# taz.de -- Nach Angriff auf Politiker in Dresden: Wahlkampf um die Demokratie
       
       > Zuletzt hat es mehrere Angriffe auf Politiker:innen gegeben. Der
       > Überfall auf den sächsischen SPD-Europapolitiker Matthias Ecke war der
       > schwerste.
       
 (IMG) Bild: Tatort in Dresden: Hier griffen Unbekannte den SPD-Politiker Matthias Ecke an
       
       Marcus Hetzel plakatiert seit Jahren für die Grünen in Dresden. „Früher ist
       man da entspannt losgezogen.“ Aber dieses Jahr, am vergangenen Freitag,
       habe er sich mit einem anderen Gefühl auf den Weg gemacht. Aus der Partei
       hieß es, am besten sollten die Wahlhelfer:innen zu dritt unterwegs
       sein, Gefahren aus dem Weg gehen und im Zweifel gleich die Polizei rufen.
       
       Das hatte er im Kopf. Doch im beschaulichen Dresdener Stadtteil Striesen
       rechnete er mit nichts, so erzählt es Hetzel der taz. Doch als er mit zwei
       anderen um etwa 23 Uhr vor einem Späti ein Plakat aufhängte, sprach ihn
       eine Gruppe junger Männer an, schwarz gekleidet, manche mit dunklen Mützen.

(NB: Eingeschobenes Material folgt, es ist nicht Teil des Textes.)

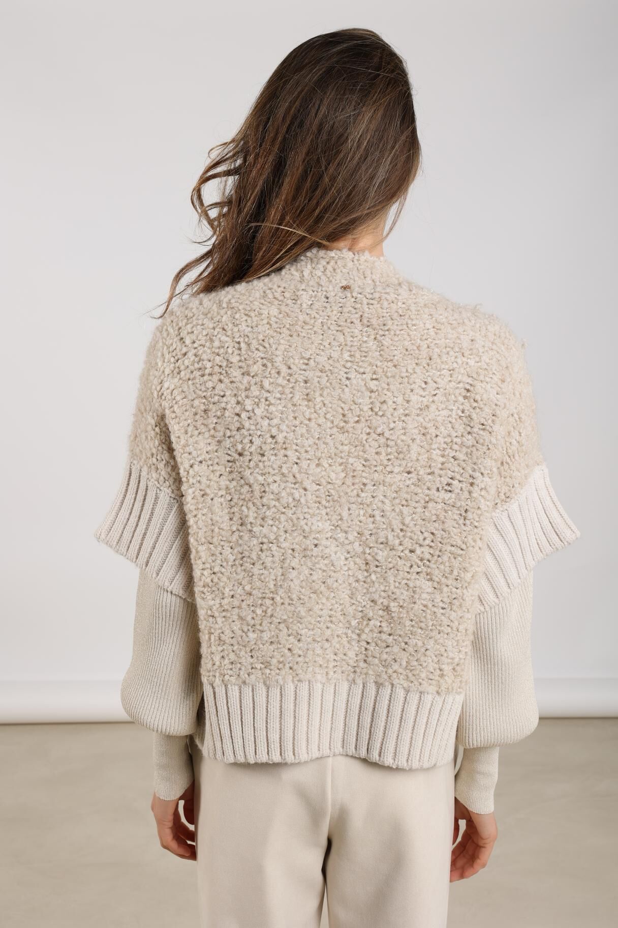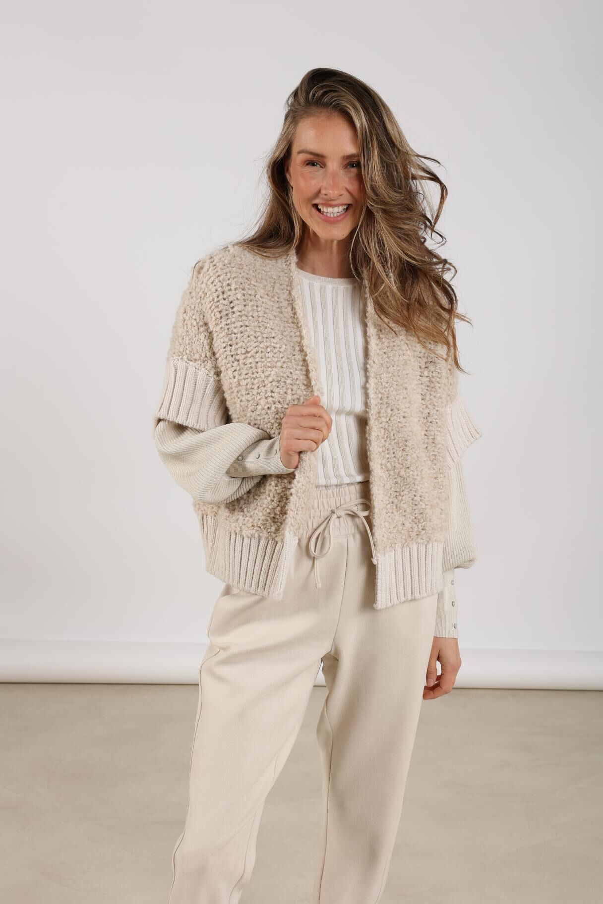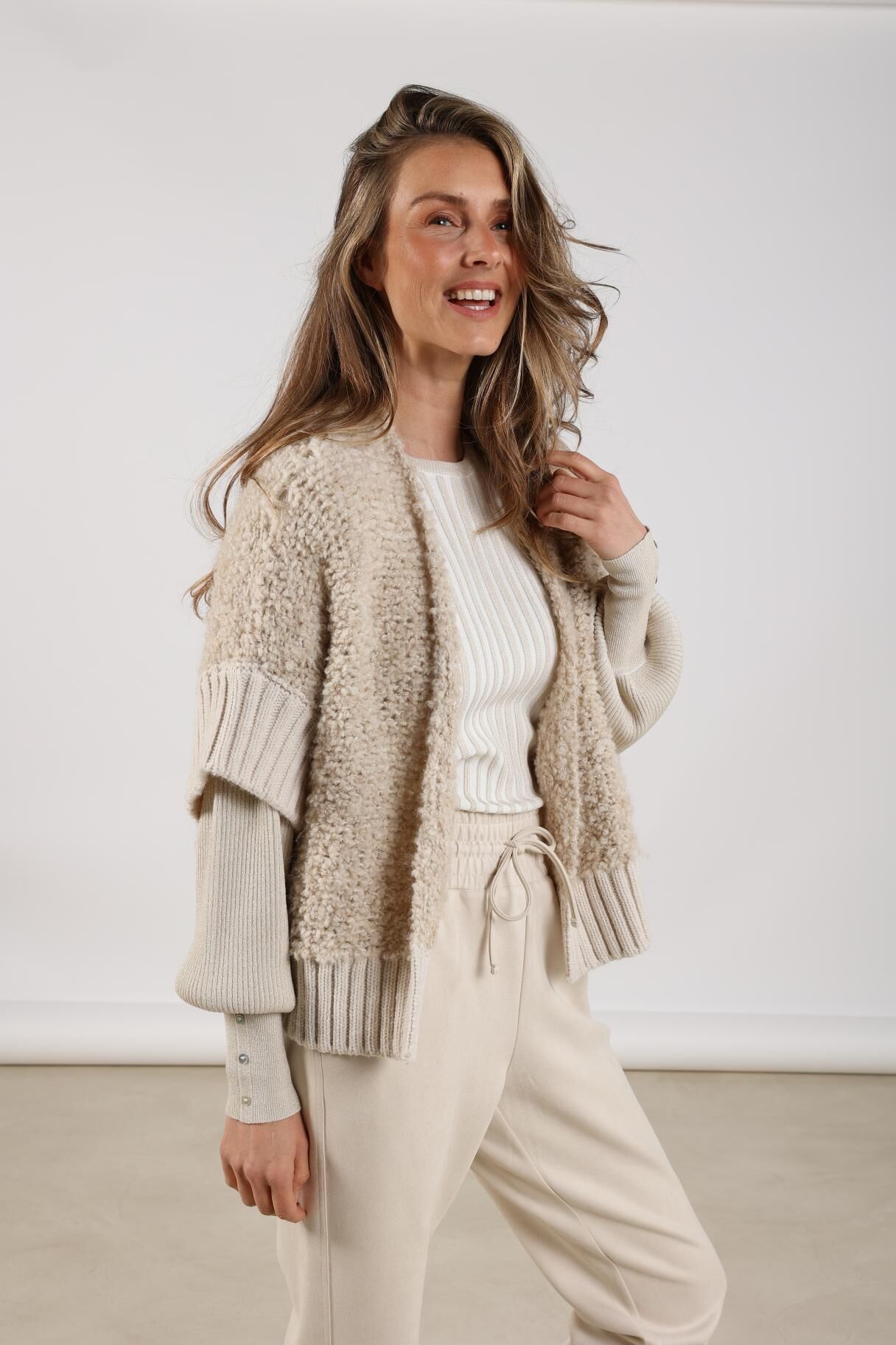 De Belle Cardigan is een luchtig vestje in beige tint, gemaakt van een zachte blend met o.a. mohair voor een luxe feel. De driekwart mouwen en iets lossere pasvorm geven het vest een elegante en comfortabele uitstraling.60% Acryl, 18% Polyester, 15% Mohair, 7% Wool

       „Das Plakat wird nicht lange hängen“, hätten sie sinngemäß gesagt. Hetzel
       solle es abnehmen. Der sagte, falls es sie störe, sollten sie selbst das
       Plakat abhängen. „Dann hat einer von denen gedroht, wenn ich es nicht
       mache, könne es sein, dass mir dasselbe passiert wie den anderen vorhin.“
       Hetzel rief die Polizei. Er ahnte schon, was mit der Drohung gemeint sein
       könnte: In einem internen Chat hatte er von Angriffen auf
       Wahlhelfer:innen gelesen.
       
       An diesem Abend kam es zu mehreren Attacken. Ein 28-jähriger Wahlhelfer der
       Grünen wurde von vier Vermummten geschlagen und getreten, als er in der
       Schandauer Straße Plakate aufhängte. Etwas später, in der gleichen Straße,
       griffen mehrere Unbekannte den sächsischen SPD-Spitzenkandidaten für
       [1][die Europawahl], Matthias Ecke, an und fügten ihm mehrere Knochenbrüche
       im Gesicht zu. Er muss operiert werden.
       
       Matthias Ecke stammt aus dem sächsischen Meerane und lebt heute in Dresden.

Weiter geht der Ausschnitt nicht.